* **What you need to do**: With both ends included, transcribe exactly the records below from their first line to the line that contains "TEPUNG PANIR/TEPUNG ROTI".

* **Extracted material**:
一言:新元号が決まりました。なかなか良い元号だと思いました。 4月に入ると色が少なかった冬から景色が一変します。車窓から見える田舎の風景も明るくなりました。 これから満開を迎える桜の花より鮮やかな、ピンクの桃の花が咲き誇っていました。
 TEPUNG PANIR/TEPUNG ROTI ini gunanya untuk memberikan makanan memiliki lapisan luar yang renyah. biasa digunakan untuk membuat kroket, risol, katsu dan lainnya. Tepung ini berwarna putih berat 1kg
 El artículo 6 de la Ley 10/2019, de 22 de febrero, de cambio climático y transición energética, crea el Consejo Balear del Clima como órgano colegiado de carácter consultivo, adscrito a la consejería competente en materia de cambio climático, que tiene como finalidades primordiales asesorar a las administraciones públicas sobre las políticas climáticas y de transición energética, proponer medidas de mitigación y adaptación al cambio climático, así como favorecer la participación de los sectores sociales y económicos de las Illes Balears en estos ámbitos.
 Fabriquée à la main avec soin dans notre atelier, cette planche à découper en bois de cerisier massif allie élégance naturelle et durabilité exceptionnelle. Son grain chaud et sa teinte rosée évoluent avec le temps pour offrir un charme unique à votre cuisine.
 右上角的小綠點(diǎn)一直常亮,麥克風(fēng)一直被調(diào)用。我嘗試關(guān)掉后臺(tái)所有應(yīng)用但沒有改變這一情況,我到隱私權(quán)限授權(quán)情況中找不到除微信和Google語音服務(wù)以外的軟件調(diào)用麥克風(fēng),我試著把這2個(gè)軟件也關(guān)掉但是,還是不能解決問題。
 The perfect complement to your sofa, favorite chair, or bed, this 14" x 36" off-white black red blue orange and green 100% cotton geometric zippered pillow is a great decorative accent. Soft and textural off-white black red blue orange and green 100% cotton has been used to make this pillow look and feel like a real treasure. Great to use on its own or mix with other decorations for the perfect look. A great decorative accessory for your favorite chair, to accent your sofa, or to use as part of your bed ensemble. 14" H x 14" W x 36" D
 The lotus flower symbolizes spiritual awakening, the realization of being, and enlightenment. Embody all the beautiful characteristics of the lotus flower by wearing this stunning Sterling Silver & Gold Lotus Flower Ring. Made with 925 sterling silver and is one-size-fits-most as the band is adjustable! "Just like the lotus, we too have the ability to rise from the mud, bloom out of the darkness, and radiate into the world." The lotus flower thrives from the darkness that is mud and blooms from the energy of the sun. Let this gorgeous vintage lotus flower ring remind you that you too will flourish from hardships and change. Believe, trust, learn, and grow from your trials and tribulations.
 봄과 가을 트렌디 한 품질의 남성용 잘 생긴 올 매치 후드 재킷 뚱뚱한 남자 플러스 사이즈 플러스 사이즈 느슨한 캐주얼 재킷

* **Solution to this task**:
一言:新元号が決まりました。なかなか良い元号だと思いました。 4月に入ると色が少なかった冬から景色が一変します。車窓から見える田舎の風景も明るくなりました。 これから満開を迎える桜の花より鮮やかな、ピンクの桃の花が咲き誇っていました。
 TEPUNG PANIR/TEPUNG ROTI ini gunanya untuk memberikan makanan memiliki lapisan luar yang renyah. biasa digunakan untuk membuat kroket, risol, katsu dan lainnya. Tepung ini berwarna putih berat 1kg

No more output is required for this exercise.